Any further comments?
from(ConfigData.getConfigData().getFtpUrl()
+ "?binary=true&"
+ "recursive=true&"
+ "passiveMode=true&"
+ "ftpClient.bufferSize=10000000&"
+ "localWorkDirectory=" + ConfigData.getConfigData().getLocalTmpDirectory())
.idempotentConsumer(header("CamelFileName"), FileIdempotentRepository.fileIdempotentRepository(new File("data", "repo.dat")))
.to("file:modelFiles")
.log("Downloaded file ${file:name} complete.")
.end();
Stack Trace
2016-03-19 15:27:53,921 [WARN|org.apache.camel.component.file.remote.FtpConsumer|MarkerIgnoringBase] Error processing file RemoteFile[2009-03-25/BioModels_Database-r13-sbml_files.tar.gz] due to File operation failed: null socket closed. Code: 221. Caused by: [org.apache.camel.component.file.GenericFileOperationFailedException - File operation failed: null socket closed. Code: 221]
org.apache.camel.component.file.GenericFileOperationFailedException: File **operation failed: null socket closed. Code: 221**
[...]
Caused by: java.net.SocketException: socket closed
at java.net.SocketInputStream.socketRead0(Native Method)
at java.net.SocketInputStream.read(Unknown Source)
at java.net.SocketInputStream.read(Unknown Source)
at sun.nio.cs.StreamDecoder.readBytes(Unknown Source)
at sun.nio.cs.StreamDecoder.implRead(Unknown Source)
at sun.nio.cs.StreamDecoder.read(Unknown Source)
at java.io.InputStreamReader.read(Unknown Source)
at java.io.BufferedReader.fill(Unknown Source)
at java.io.BufferedReader.read(Unknown Source)
at org.apache.commons.net.io.CRLFLineReader.readLine(CRLFLineReader.java:58)
at org.apache.commons.net.ftp.FTP.__getReply(FTP.java:314)
at org.apache.commons.net.ftp.FTP.__getReply(FTP.java:294)
at org.apache.commons.net.ftp.FTP.sendCommand(FTP.java:483)
at org.apache.commons.net.ftp.FTP.sendCommand(FTP.java:608)
at org.apache.commons.net.ftp.FTP.cwd(FTP.java:828)
at org.apache.commons.net.ftp.FTPClient.changeWorkingDirectory(FTPClient.java:1128)
at org.apache.camel.component.file.remote.FtpOperations.doChangeDirectory(FtpOperations.java:769)
2016-03-19 12:42:16,068 [WARN|org.apache.camel.component.file.remote.FtpConsumer|MarkerIgnoringBase] Error processing file RemoteFile[2008-12-03/BioModels_Database-r12-sbml_files.tar.gz] due to File operation failed: null Socket Closed. Code: 226. Caused by: [org.apache.camel.component.file.GenericFileOperationFailedException - **File operation failed: null Socket Closed.
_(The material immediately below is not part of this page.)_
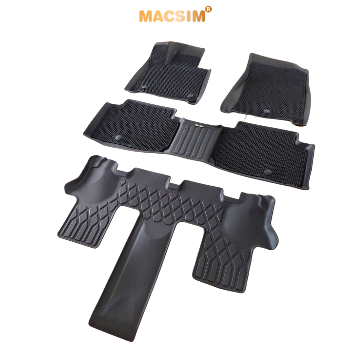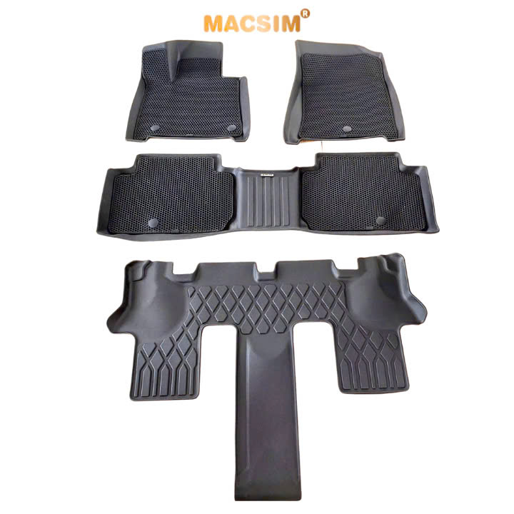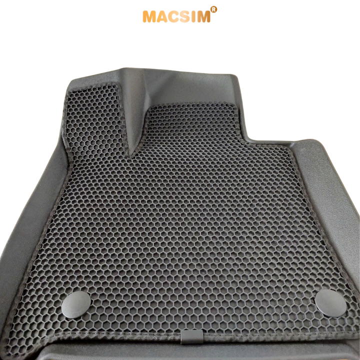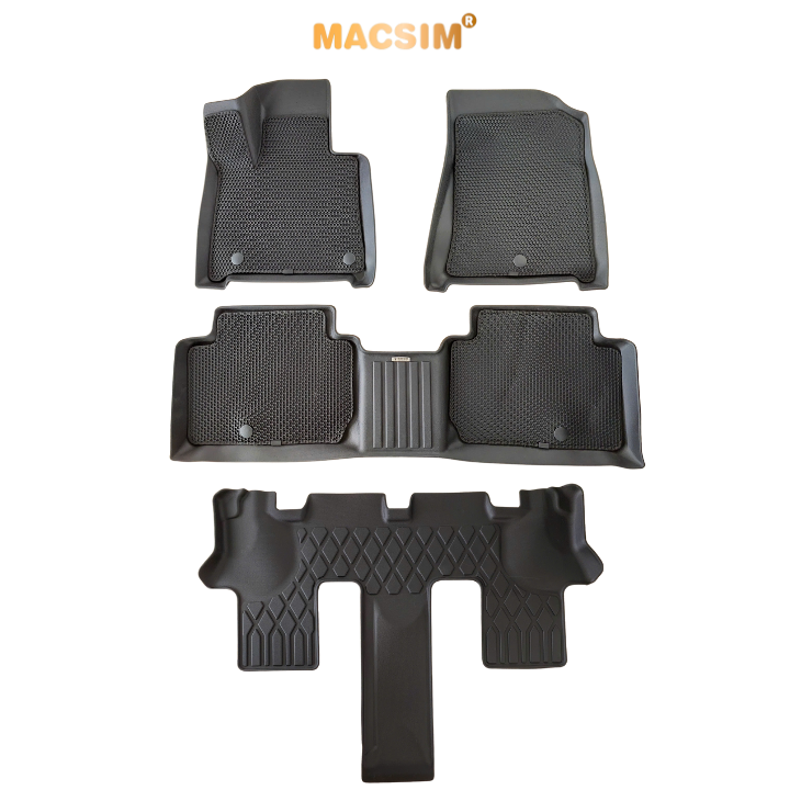 Thảm TPE đúc sẵn theo form sàn, tích hợp gờ cao xung quanh chốt khoá, chống nước và bùn đất lọt xuống sàn nỉ.

Code: 226]**
[...]
Caused by: java.net.SocketException: Socket Closed
at java.net.SocketInputStream.socketRead0(Native Method)
at java.net.SocketInputStream.read(Unknown Source)
at java.net.SocketInputStream.read(Unknown Source)
at sun.nio.cs.StreamDecoder.readBytes(Unknown Source)
at sun.nio.cs.StreamDecoder.implRead(Unknown Source)
at sun.nio.cs.StreamDecoder.read(Unknown Source)
at java.io.InputStreamReader.read(Unknown Source)
at java.io.BufferedReader.fill(Unknown Source)
at java.io.BufferedReader.read(Unknown Source)
at org.apache.commons.net.io.CRLFLineReader.readLine(CRLFLineReader.java:58)
at org.apache.commons.net.ftp.FTP.__getReply(FTP.java:314)
at org.apache.commons.net.ftp.FTP.__getReply(FTP.java:294)
at org.apache.commons.net.ftp.FTP.getReply(FTP.java:692)
at org.apache.commons.net.ftp.FTPClient.completePendingCommand(FTPClient.java:1813)
at org.apache.commons.net.ftp.FTPClient._retrieveFile(FTPClient.java:1885)
at org.apache.commons.net.ftp.FTPClient.retrieveFile(FTPClient.java:1845)
at org.apache.camel.component.file.remote.FtpOperations.retrieveFileToStreamInBody(FtpOperations.java:367)
Solution:
As added in Upadete 1, I do not use pollEnrich(). The route cannot be started from a timer now but it works. So I will close the question. I really like the idea of the idempotent consumer (unrelated to the original question).
Don't forget that a pollEnrich delete the oldExchange and keep the newExchange.
So you don't want to do a from("ftp").pollEnrich("timer") but a from("timer").pollEnrich("ftp").
See the Solution at the end of the question.